83. En ce qui concerne plus particulièrement l’exigence d’exactitude et de mise à jour des données collectées, la Cour a eu à connaître de plusieurs affaires relatives à la conservation, par les autorités, de données dont l’inexactitude était avérée ou alléguée (voir, notamment, Cemalettin Canlı c. Turquie, no 22427/04, §§ 34-37, 18 novembre 2008, sur la présence d’informations inexactes dans un fichier de police, et Rotaru, précité, § 36, sur la tenue d’un registre par un service de renseignement comprenant des données erronées sur le passé du requérant). Des données personnelles, fausses ou incomplètes, recueillies et conservées par les autorités peuvent rendre plus difficile la vie quotidienne de la personne concernée (Khelili c. Suisse, no 16188/07, § 64, 18 octobre 2011) ou s’avérer diffamatoires (Rotaru, précité, § 44). Leur mésusage peut être aggravé par la méconnaissance de certaines garanties procédurales prévues en droit interne pour protéger les droits des personnes concernées (voir, pour la transmission parcellaire d’une information inexacte issue d’un fichier de police aux autorités judiciaires, Cemalettin Canlı, précité, §§ 42-43).

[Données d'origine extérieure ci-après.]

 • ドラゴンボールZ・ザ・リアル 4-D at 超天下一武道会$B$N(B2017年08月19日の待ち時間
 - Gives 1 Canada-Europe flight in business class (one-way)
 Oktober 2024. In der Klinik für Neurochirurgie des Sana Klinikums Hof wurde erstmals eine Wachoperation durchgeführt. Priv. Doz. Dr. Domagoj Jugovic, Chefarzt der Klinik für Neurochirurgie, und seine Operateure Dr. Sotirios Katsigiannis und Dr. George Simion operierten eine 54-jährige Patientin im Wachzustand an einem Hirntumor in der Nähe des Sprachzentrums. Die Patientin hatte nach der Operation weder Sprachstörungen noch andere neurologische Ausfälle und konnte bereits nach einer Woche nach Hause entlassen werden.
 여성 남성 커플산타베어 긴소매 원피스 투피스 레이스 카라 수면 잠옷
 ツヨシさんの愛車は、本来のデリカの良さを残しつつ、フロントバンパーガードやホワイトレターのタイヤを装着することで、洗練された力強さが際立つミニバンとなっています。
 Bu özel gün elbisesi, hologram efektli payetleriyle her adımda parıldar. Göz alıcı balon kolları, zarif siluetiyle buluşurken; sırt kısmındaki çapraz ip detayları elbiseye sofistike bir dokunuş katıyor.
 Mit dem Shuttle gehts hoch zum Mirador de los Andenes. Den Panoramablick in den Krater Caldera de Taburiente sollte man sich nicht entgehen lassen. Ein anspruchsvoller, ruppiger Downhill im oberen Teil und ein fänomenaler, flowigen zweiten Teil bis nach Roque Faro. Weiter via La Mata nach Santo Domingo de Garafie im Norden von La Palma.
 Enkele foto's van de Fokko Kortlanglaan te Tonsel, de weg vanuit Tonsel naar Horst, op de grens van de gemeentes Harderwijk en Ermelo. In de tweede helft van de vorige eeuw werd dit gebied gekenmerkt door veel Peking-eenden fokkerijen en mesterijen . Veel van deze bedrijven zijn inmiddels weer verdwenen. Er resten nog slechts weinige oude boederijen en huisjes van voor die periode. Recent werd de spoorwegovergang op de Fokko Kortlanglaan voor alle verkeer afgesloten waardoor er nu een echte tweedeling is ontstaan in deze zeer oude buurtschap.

84. La Cour reconnait en la matière une certaine marge d’appréciation aux autorités nationales compétentes ; son étendue dépend d’un certain nombre de facteurs, dont la nature du droit en cause garanti par la Convention, son importance pour la personne concernée, la nature de l’ingérence et la finalité de celle-ci (S. et Marper, précité, § 102). La Cour prend également en compte le fait que le consentement de la personne n’ait pas été obtenu ou recherché lors de la collecte, de la conservation ou de l’utilisation de données intrinsèquement privées (ibidem, § 104, et Avilkina et autres c. Russie, no 1585/09, §§ 48-49, 6 juin 2013). Ainsi, la Cour a jugé que la divulgation de données relative à la séropositivité (Z c. Finlande, précité, § 96) ou la conservation et l’utilisation sans limites de données relatives aux empreintes digitales et génétiques à des fins policières (S. et Marper, précité, §§ 104 et 112) effectuées sans le consentement de la personne concernée appellent un examen rigoureux de sa part.

2. Application au cas d’espèce

α) Sur la question de savoir si est en cause une obligation négative ou une obligation positive

85. La Cour rappelle que l’article 8 a d’abord pour objet de prémunir l’individu contre les ingérences arbitraires des pouvoirs publics. L’ÉFS étant un établissement public de l’État (paragraphe 57 ci-dessus), la Cour examinera ce grief sous l’angle des obligations négatives (Libert c. France, no 588/13, § 41, 22 février 2018 ; voir également, a contrario, Bărbulescu c. Roumanie [GC], no 61496/08, §§ 109-111, 5 septembre 2017 et Söderman c. Suède [GC], no 5786/08, §§ 78-79, CEDH 2013).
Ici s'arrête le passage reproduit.